MRI and MRA
|Magnetic resonance imaging (MRI) uses a magnetic field and radio waves to create cross-sectional images of your head, body, muscles and blood flow. Because an MRI provides a clear view of internal organs and tissues, it helps physicians diagnose injuries and other health conditions much faster than with other technologies. For patients who have pacemakers or implantable cardioverter defibrillators, a computed tomography (CT ) scan may be a safer imaging tool. (The devices may malfunction during an MRI scan).|
When your doctor orders an MRI it's because they are looking for something very specific—something that is either too small, too intricate or too subtle to be detected by other imaging technologies. An MRI allows us to view portions of the body with clarity and in precise areas. MRIs are different than many other types of imaging because an MRI does not use radiation.
Having an MRI is a relatively simple, non-invasive procedure. The machine itself is a large cylinder with a bed that slides into it. You will lie on the bed and we will position you within the machine and take the images we need. You will need to lie very still (expect to hear "hold your breath" a few times). Please read the guidelines below to acquaint yourself with the process.
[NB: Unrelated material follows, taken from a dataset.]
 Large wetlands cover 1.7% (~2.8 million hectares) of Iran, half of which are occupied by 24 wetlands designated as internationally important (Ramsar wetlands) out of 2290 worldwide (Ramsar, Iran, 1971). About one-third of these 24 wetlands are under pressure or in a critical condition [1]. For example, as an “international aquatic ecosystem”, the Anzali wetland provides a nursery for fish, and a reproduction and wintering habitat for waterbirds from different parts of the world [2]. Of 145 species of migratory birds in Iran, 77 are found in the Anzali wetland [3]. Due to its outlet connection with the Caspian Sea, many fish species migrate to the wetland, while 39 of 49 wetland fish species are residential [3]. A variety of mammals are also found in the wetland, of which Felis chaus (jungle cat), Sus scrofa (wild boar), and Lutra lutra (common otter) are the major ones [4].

Our staff will work with you to ensure that you are comfortable throughout the process.
Talk with your physician and with our staff to make certain your questions are answered before your MRI at Mat-Su Regional Medical Center. Here is some general information about your MRI:
- No metal (earrings, belt buckles, watches, etc.) is allowed in the MRI. There is a locker room where you may store metal objects.
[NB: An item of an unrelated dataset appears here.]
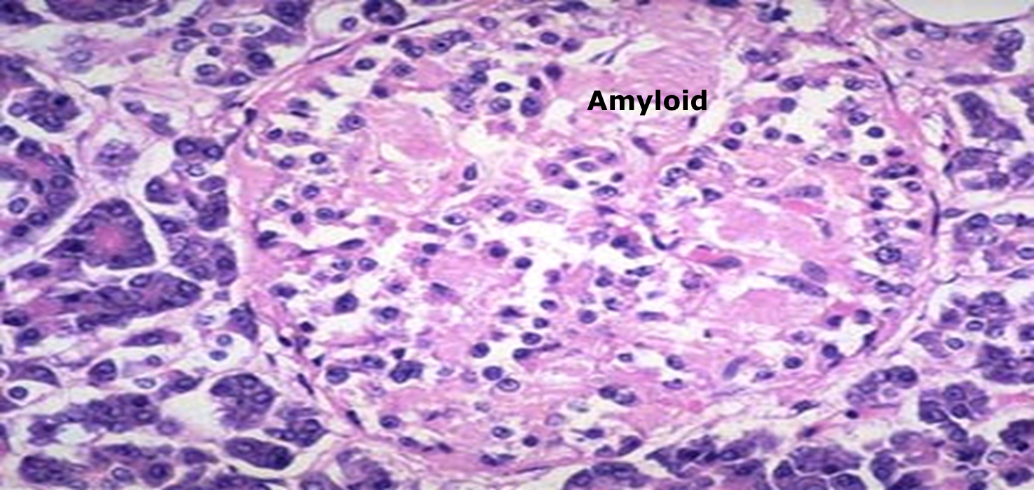 Pancreatic islets in type II DM - H &E stain(Islet shows extensive deposition of amyloid)

- The MRI machine is a bit noisy. There is a hum and a clicking sound. This is normal. Depending on the type of exam, you may be offered headphones with a choice of music or ear plugs.
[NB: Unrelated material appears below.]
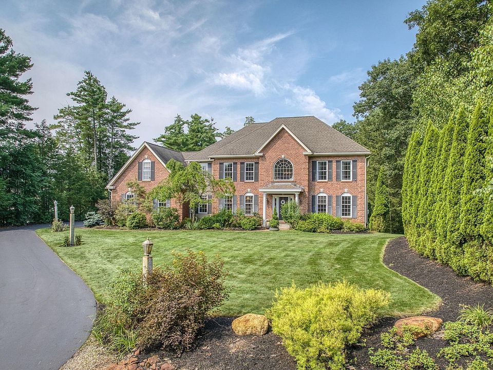 Gracious brick front Colonial in the fabulous Pulpit Estates cul-de-sac neighborhood; private land adjoining Pulpit Rock conservation land; add a POOL! Quality-built by KRD/Dionne with an open floorplan and custom millwork throughout. The 2 story foyer features a turned staircase, direct access to the formal dining room & living/office room. The family room is 19.5 x 15.3 and is open to the chefs center island kitchen which offers a WOLF gas range, sub-zero fridge, seating at the center-island, granite surfaces plus a breakfast room surrounded by windows and French doors leading to the 12 x 40 wrap-around deck. Also on the first floor is a private home office, a 3/4 bathroom, the laundry and mudroom with direct access to the 3 car garage. Transition to the 2nd floor living spaces.....enjoy the light-filled sitting room landing overlooking front yard. The private primary bedroom features a rainfall steam shower with glass door, spa bath and a very spacious walk-in closet. The 3 other bedrooms share a full bath with dual vanity. The bonus room is perfect as a playroom or media room or 2nd office. The walk-out lower level has French Doors, is prepared for a bathroom and could be finished, and consider the walkup attic too. Systems include auto generator, irrigation and security systems. Great cul-de-sac neighborhood. TOP BEDFORD SCHOOLS/ Riddle Brook. VISit today! Showings begin Saturday 7/22 after 11am; Open House 7/23 12-2.

- An MRI can last less than an hour. People who suffer from claustrophobia should practice relaxation techniques which our staff can help you with.
- The MRI staff will talk with you over an intercom system, but the voice that says "please hold your breath" and "you may breathe" is a computerized voice.
- Please don’t hesitate to ask questions throughout the procedure.
- There is a waiting area for your family outside the MRI room.
- Results will be sent to your physician. You should expect to receive results from your physician at a follow up visit.